• [The data]:

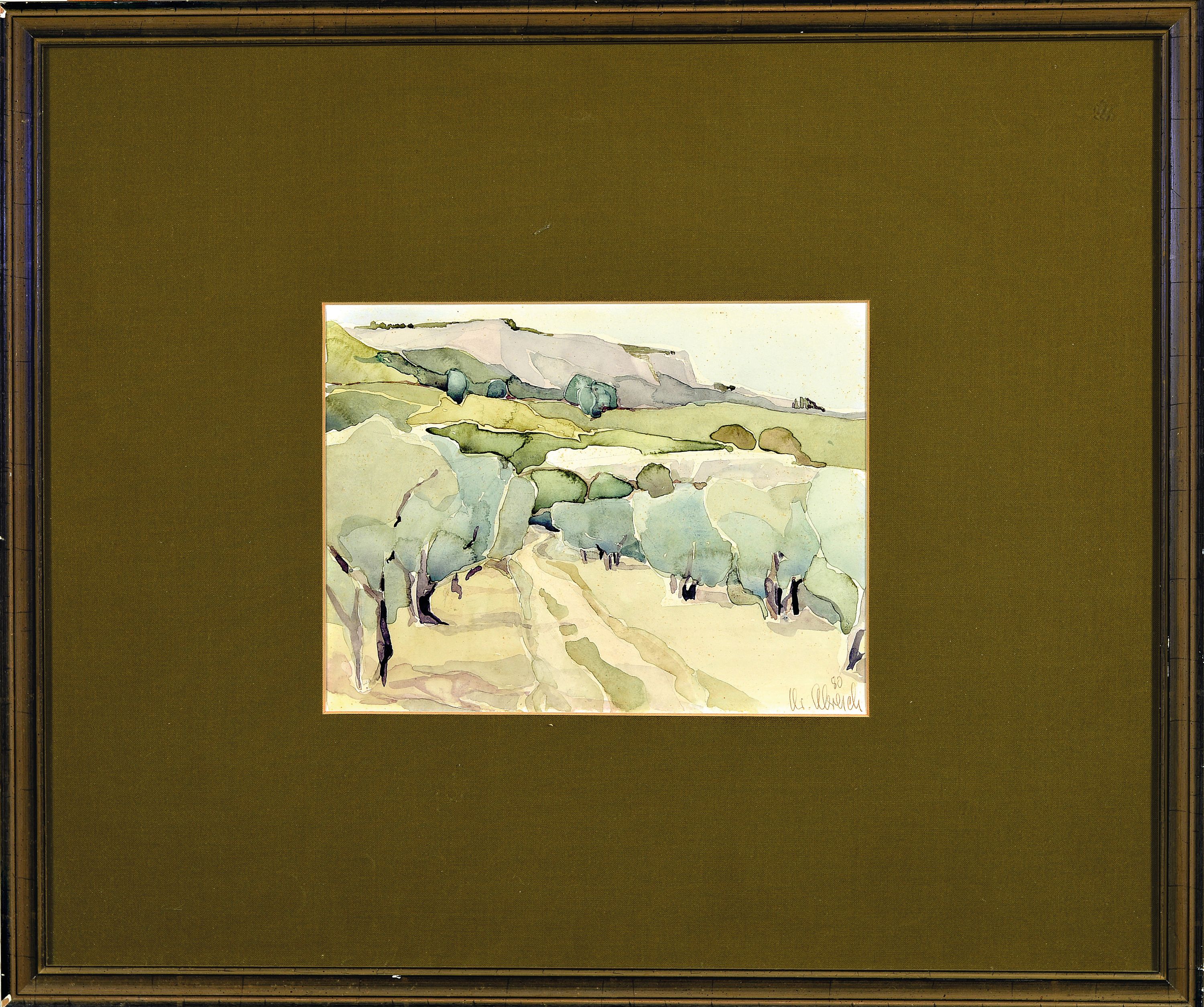 Christel Abresch, 1931 Sulzbach-2011 Neustadt , Aquarell, südliche Landschaft, rechts
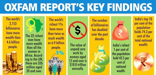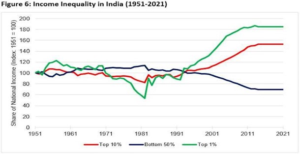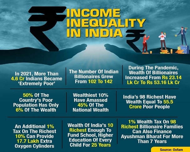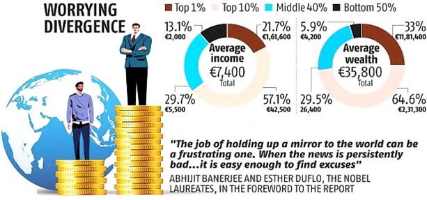 - As per World Inequality Lab, In 2022-23, India’s top 1% own 22.6% of India’s national income and 40.1% of the country’s wealth.
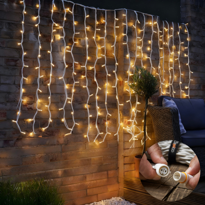 Această instalație luminoasă este ideală pentru decorarea pereților, gardurilor, ferestrelor sau a teraselor, oferind un efect spectaculos datorită luminii albe și distribuției uniforme a LED-urilor.

• [Requirement]: Leave out any pictures and return exactly the lines from the beginning of the data through the line with "- As per World", inclusive.

• [Solution to this task]:
 Christel Abresch, 1931 Sulzbach-2011 Neustadt , Aquarell, südliche Landschaft, rechts
 - As per World Inequality Lab, In 2022-23, India’s top 1% own 22.6% of India’s national income and 40.1% of the country’s wealth.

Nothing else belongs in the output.